**WHAT TO DO**. Line by line, set down the records below from the first line through the line containing "美シルエットで細見せ効果アリ!デニムハーフパンツ デニムパンツ 五分丈". Omit the pictures.

[Stored data entries]
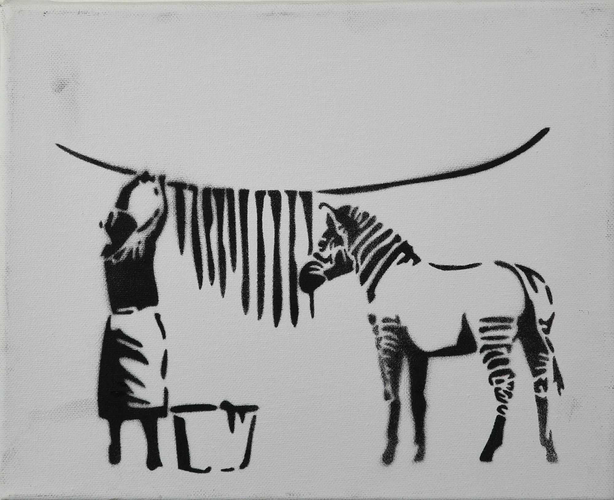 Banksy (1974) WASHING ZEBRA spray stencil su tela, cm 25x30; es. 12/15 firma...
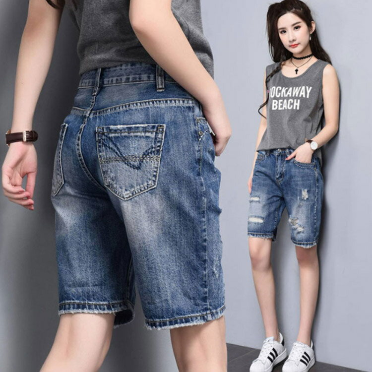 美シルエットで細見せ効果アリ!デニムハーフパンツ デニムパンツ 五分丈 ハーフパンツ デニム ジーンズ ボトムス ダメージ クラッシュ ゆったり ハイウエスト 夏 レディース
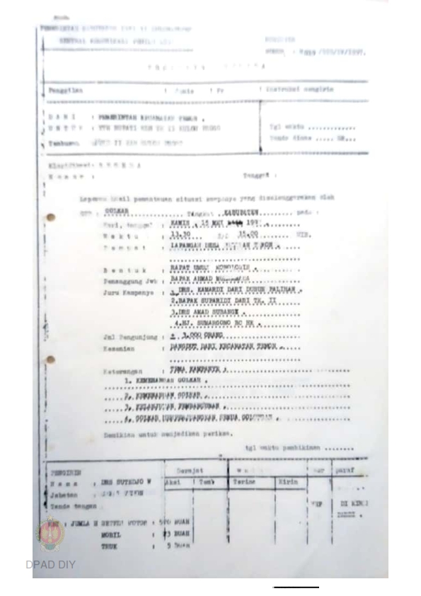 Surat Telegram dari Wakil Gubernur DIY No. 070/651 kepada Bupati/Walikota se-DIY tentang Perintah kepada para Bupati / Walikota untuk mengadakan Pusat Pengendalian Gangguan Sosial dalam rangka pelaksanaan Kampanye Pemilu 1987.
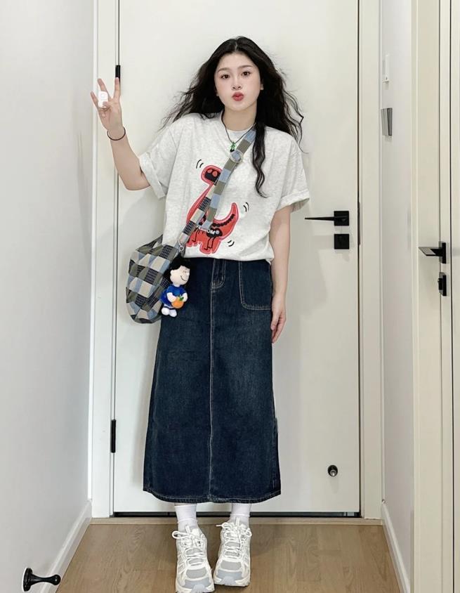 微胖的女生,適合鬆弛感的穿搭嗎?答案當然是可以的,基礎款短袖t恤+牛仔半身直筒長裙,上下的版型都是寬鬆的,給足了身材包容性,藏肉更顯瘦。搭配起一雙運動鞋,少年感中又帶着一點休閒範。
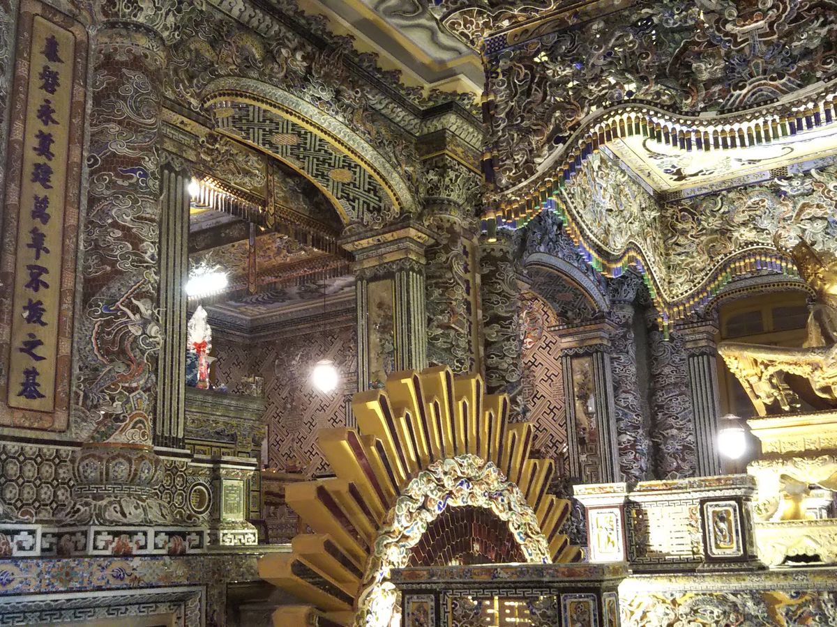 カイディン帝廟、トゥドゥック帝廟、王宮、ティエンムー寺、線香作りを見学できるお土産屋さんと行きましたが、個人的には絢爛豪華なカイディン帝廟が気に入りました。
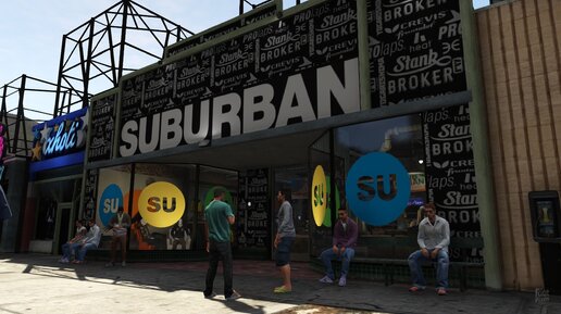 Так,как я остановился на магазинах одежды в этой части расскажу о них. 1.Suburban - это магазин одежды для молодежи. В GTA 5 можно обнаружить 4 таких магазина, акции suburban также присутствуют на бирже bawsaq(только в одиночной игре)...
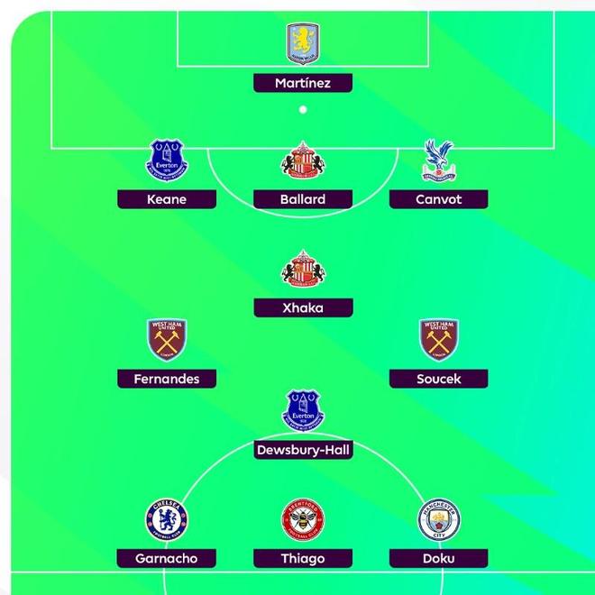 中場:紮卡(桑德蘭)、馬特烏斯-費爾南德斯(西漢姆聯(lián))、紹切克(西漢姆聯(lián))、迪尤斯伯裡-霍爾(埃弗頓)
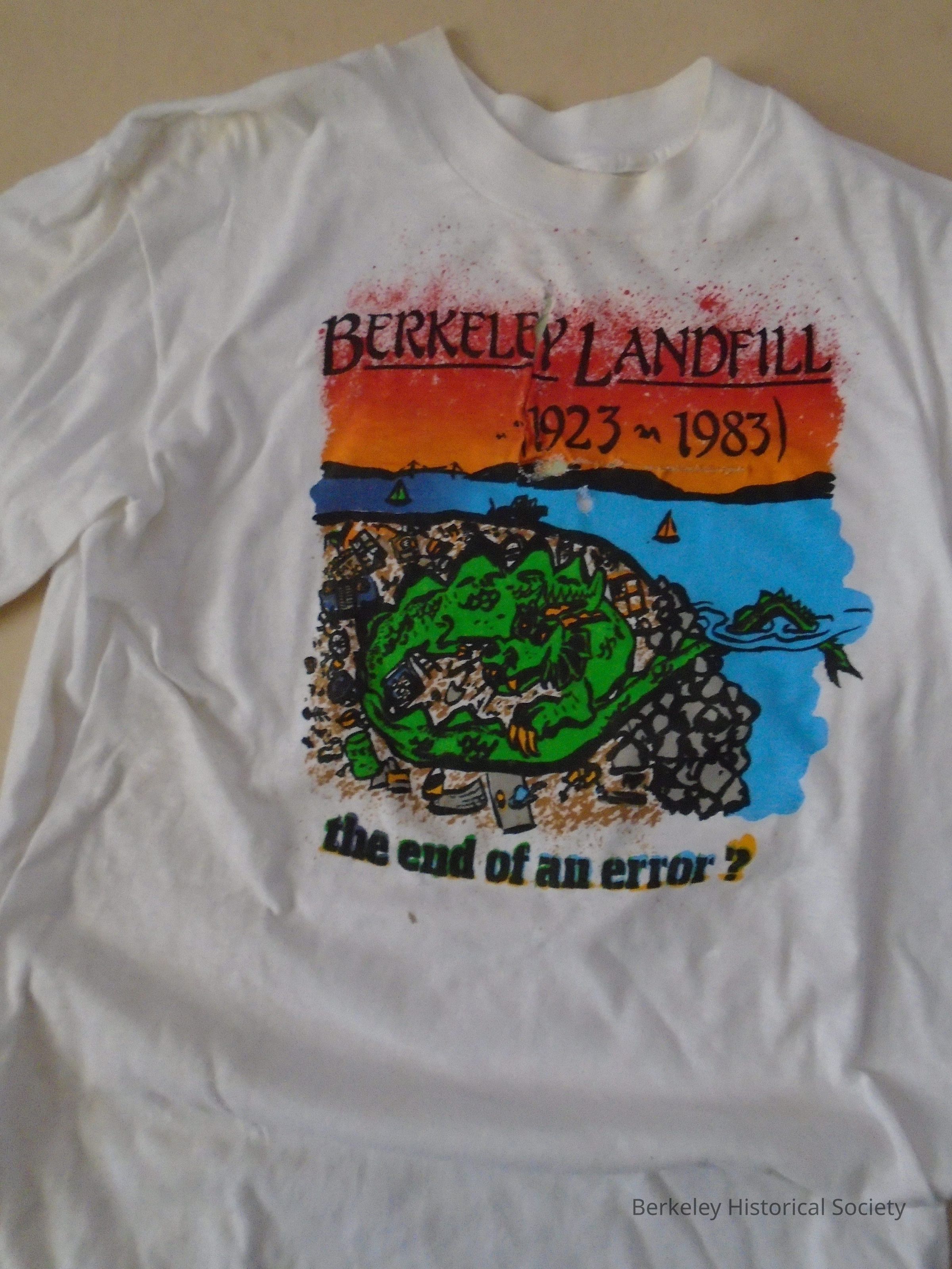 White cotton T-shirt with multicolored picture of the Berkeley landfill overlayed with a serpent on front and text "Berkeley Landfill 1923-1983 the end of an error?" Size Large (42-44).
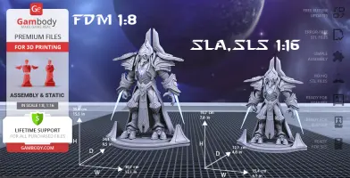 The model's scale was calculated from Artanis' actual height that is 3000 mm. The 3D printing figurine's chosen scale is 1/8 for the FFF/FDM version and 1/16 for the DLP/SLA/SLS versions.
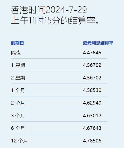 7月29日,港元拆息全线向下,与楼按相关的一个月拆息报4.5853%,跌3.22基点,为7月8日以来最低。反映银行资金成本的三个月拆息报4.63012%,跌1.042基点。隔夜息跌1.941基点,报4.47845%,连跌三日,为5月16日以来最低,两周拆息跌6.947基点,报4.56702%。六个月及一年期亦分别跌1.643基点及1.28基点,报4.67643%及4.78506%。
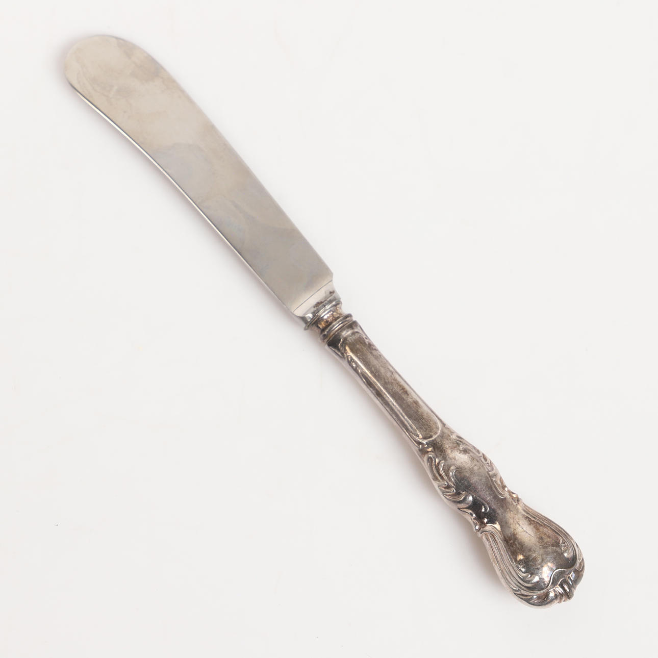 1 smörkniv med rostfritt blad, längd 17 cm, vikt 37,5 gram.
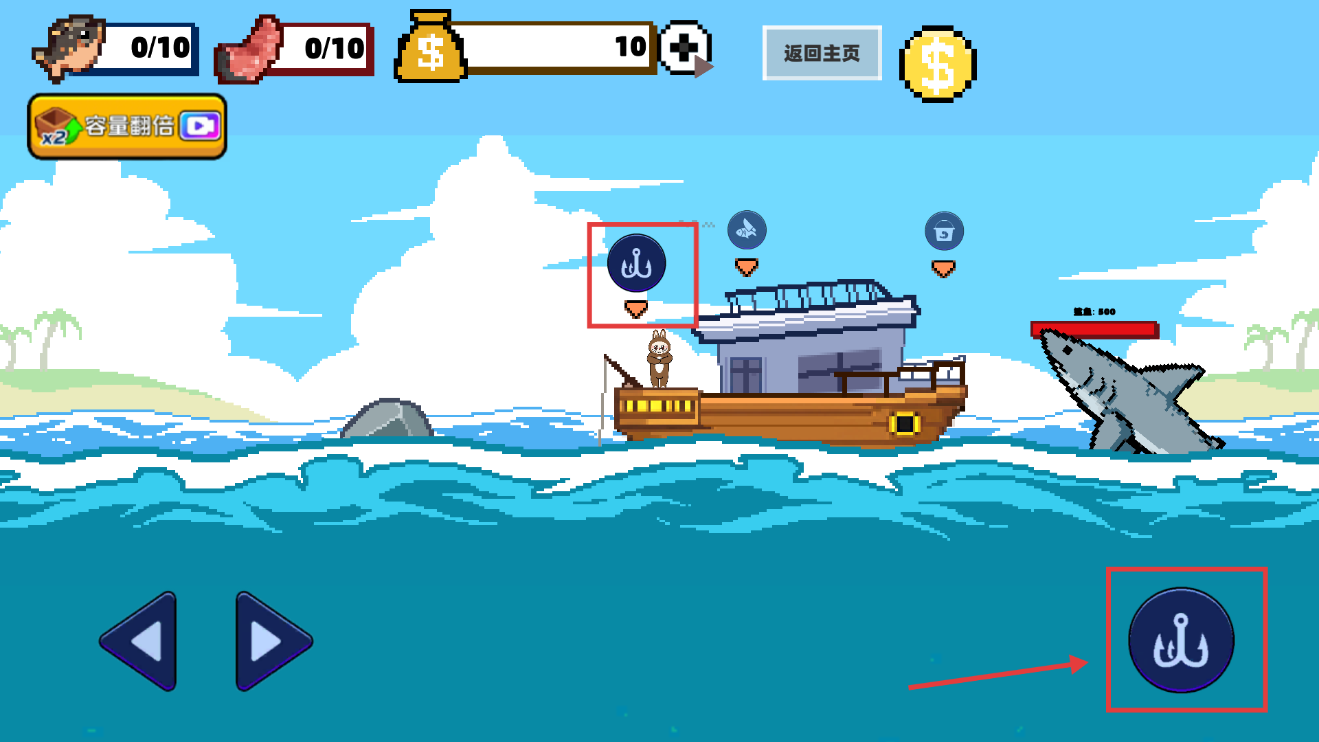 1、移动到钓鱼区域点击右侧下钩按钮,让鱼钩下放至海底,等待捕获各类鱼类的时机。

**EXERCISE OUTPUT**.
 Banksy (1974) WASHING ZEBRA spray stencil su tela, cm 25x30; es. 12/15 firma...
 美シルエットで細見せ効果アリ!デニムハーフパンツ デニムパンツ 五分丈 ハーフパンツ デニム ジーンズ ボトムス ダメージ クラッシュ ゆったり ハイウエスト 夏 レディース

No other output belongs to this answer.